As Rosemary found in a Forbes article about large data sets, there are lots of issues with using any large data set. (I recommend that article for people interested in the details of how you use multiple different data resources to cross-check and validate your findings.) Among other things, that article points to the New York Times NGRAM corpus as drawn from their newspaper articles over the past 150 years. Check out their own NGRAM chart drawing tool.
As an example, here's a contrasting graph between the NYTimes and Google NGRAMs for the word "percent":
I tried to align the years as closely as I could (by hand). You can see that the word "percent" wasn't very common pre-1920 in English books, and shows an incredible rise in the press around 1975. (In fact, that rise is so sudden, that if I were writing an article about this, I'd try to figure out why "percent" was being used in books in the 40s and 50s, but not in the press. What changed to make such a dramatic rise?)
There are a few that I hadn't planned on for this Challenge, but ones that I welcome!
1. Search for the tool / database before trying to do this on your own. SearchResearchers know this, but it's the kind of thing that is often overlooked by students. Ten minutes of Google search can save you weeks of writing code to do it on your own. (Note: Sometimes writing your own code is exactly the right thing to do, especially if you want to replicate a study or gain a deeper understanding of the data yourself.)
2. Pay attention to the UI. Learn to scan the interface looking for things it can do for you. You might not need all of that capability right now, but if you see it once, you stand an excellent chance of remembering that when you need it most farther down the road.

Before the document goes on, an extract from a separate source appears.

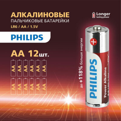 Батарейки алкалиновые "пальчиковые" КОМПЛЕКТ 12 шт., PHILIPS Power Alkaline, АА (LR6, 24А), блистер, Б0064661
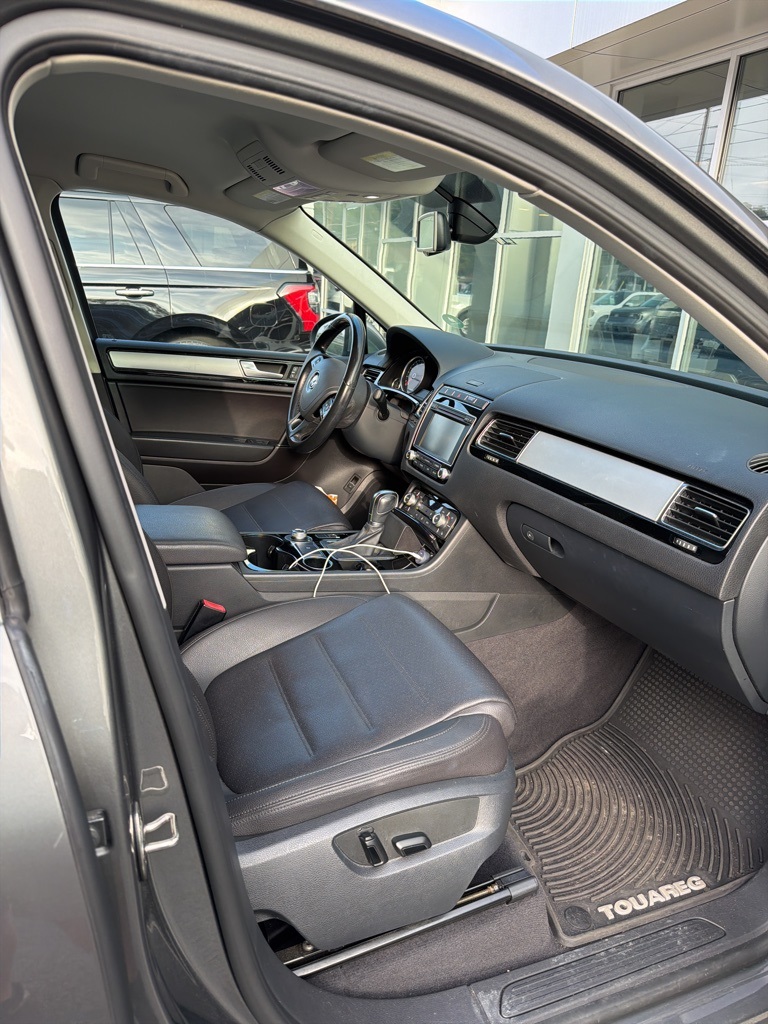 Canyon Gray Metallic 2016 Volkswagen Touareg VR6 FSI Sport AWD VR6 FSI Sport **LOCAL TRADE**, Backup Camera, Multi Zone Climate Control, Power Mirror Package, Power Package, 4D Sport Utility, 3.6L VR6, 8-Speed Automatic with Tiptronic, AWD, 4-Wheel Disc Brakes, 8 Speakers, ABS brakes, AM/FM radio: SiriusXM, Auto-dimming Rear-View mirror, Automatic temperature control, Brake assist, CD player, Compass, Delay-off headlights, Electronic Stability Control, Four wheel independent suspension, Front dual zone A/C, Front fog lights, Fully automatic headlights, Garage door transmitter: HomeLink, Heated door mirrors, Heated Front Comfort Seats w/Manual Lumbar Support, Heated front seats, High intensity discharge headlights: Bi-Xenon, Illuminated entry, Leather Shift Knob, Low tire pressure warning, Monster Mats Rubber Mat Kit (Set of 4), Outside temperature display, Overhead console, Panic alarm, Power door mirrors, Power driver seat, Power Liftgate, Power passenger seat, Power steering, Power windows, Radio data system, Rain sensing wipers, Rear seat center armrest, Rear window wiper, Remote keyless entry, Roof rack: rails only, Security system, Speed-sensing steering, Split folding rear seat, Spoiler, Steering wheel mounted audio controls, Telescoping steering wheel, Tilt steering wheel, Traction control, Trailer Hitch, Trip computer, Turn signal indicator mirrors, V-Tex Leatherette Seating Surfaces, Wheels: 18" Arica Alloy.

3. Sometimes you need to search for advanced features. You had a clue that you could search for multiple word senses (verbs vs. nouns vs...), but how could you figure it out? Searching for [ application advanced search ] or [ application advanced use ] will often lead you to the documentation you really need.
4. Question what you find. Always always always keep a skeptical mind about what you discover. This is true for everything, including this blog post! But in particular, if you can, try to cross-validate your findings. And if you find an extraordinary bit of data, remember that it probably needs an extraordinary argument.